MORE ON COW VR GOGGLES
I deeply appreciate all the comments on my last post about factory farmed confinement dairy cows being fitted with VR goggles playing a loop of sunny green pastures to make them happy and therefore more productive.
Several of you were already ahead of me by pointing out that a short test like this showing a massive increase in milk production (from 5 gallons a day to 7) does not a long-term trend indicate. Thank you for pointing out that we have no idea what this will do to the cows' skeletons and livability over time. You all may remember rBGH several years ago. It increased milk production but caused much more long-term damage, from calcium cannibalism (destroyed bones) to infertility.
The biological time clock is not mechanical. You can test a machine like a wheel bearing and get a pretty good indication of performance in a short time. But biology is all about adaption to new circumstances. In other words, when something happens, the entire organism reacts to try to survive. Machines don't do that. Your Subaru will never respond to you no matter how many times you hug the hood and tell it "I love you." It couldn't care less, and therein lies one of the most profound differences between biology and mechanics.
On another note, when I said I was a bit conflicted about this, I didn't mean that I could be persuaded that VR goggles on dairy cows in factory farms could ever be a good thing. I was just musing that if a cow is indeed stuck in an exploitive situation, perhaps it's better for her to live out her life enjoying an alternative reality.
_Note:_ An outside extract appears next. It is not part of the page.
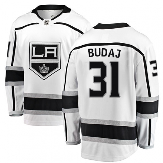 >Men's Los Angeles Kings #31 Peter Budaj Authentic White Away Fanatics Branded Breakaway NHL Jersey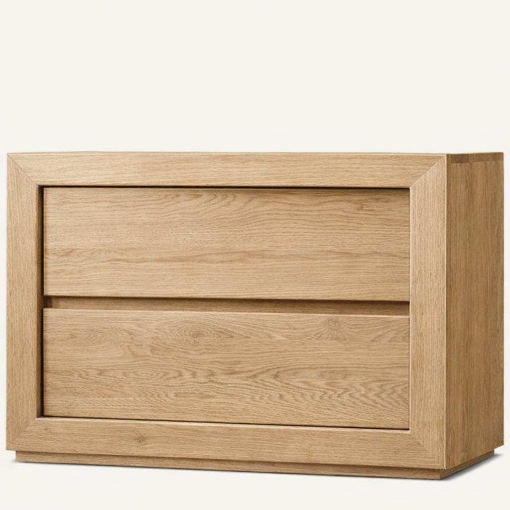 Featuring two spacious drawers and a solid base, this nightstand offers smart bedside storage while maintaining a sleek, grounded profile. Available in multiple wood shades to suit any interior style — from warm natural tones to deep walnut finishes.

That's assuming nothing worse happens.
Hence, the question at the end was not bizarre; it was meant to tease out the kind of thoughtful comments I received. So thank you. After reading the comments, I realized what an astute audience I have, that so many of you immediately connected this idea with the goggles most people have on regarding our own political, social, economic, and spiritual reality.
Perhaps these dairy cow goggles indicate, viscerally, the extent to which exploitive dominion (what I call a Conquistador mentality) can go to manipulate the thinking of beings. Applied to humans, of course, this mentality comes through all sorts of media. Are we not all wearing goggles to a certain extent? Which begs the question "which goggles are we choosing for ourselves?"
I remember extremely well in my brief life as an investigative journalist on the local newspaper that all the other reporters had a policy about enigmatic goings-on in the halls of our local government: "If I don't understand it, it didn't happen." My mentality was opposite. I said "If I don't understand it, I assume someone is trying to pull a fast one and orchestrating a confusing narrative to make truth-finding too difficult to pursue." Anyone who thinks my fellow journalists' paradigm is gone from news gathering today is not living in reality.
This is why John Stuart Mill's "Marketplace of Ideas" is foundational to societal integrity. Most things have a false narrative side; in order to discover truth we must preserve freedom to express alternative narratives. If you need a cry room when you hear something you don't like, fine. This is why Joe Rogan is a champion and I hope his show doubles as a result of this cancel crusade.
Denmark has just lifted all mandates, vaccine passports, everything pretty much. Hopefully other countries including ours will realize the emperor has no clothes and follow suit. Oprah Winfrey was wrong about the Nazis, but I would hate a country that wouldn't let her views be voiced. This is why my bookshelf is full of both conservative and extremely liberal narratives, and why I created the mantra "Christian libertarian environmentalist capitalist lunatic farmer."
I grew up memorizing "Manifest Destiny" for the American story. I now believe that was a fraudulent narrative of American history.
Have you ever changed your mind about something when you allowed yourself to be exposed to an alternative idea, like putting on a different set of VR goggles?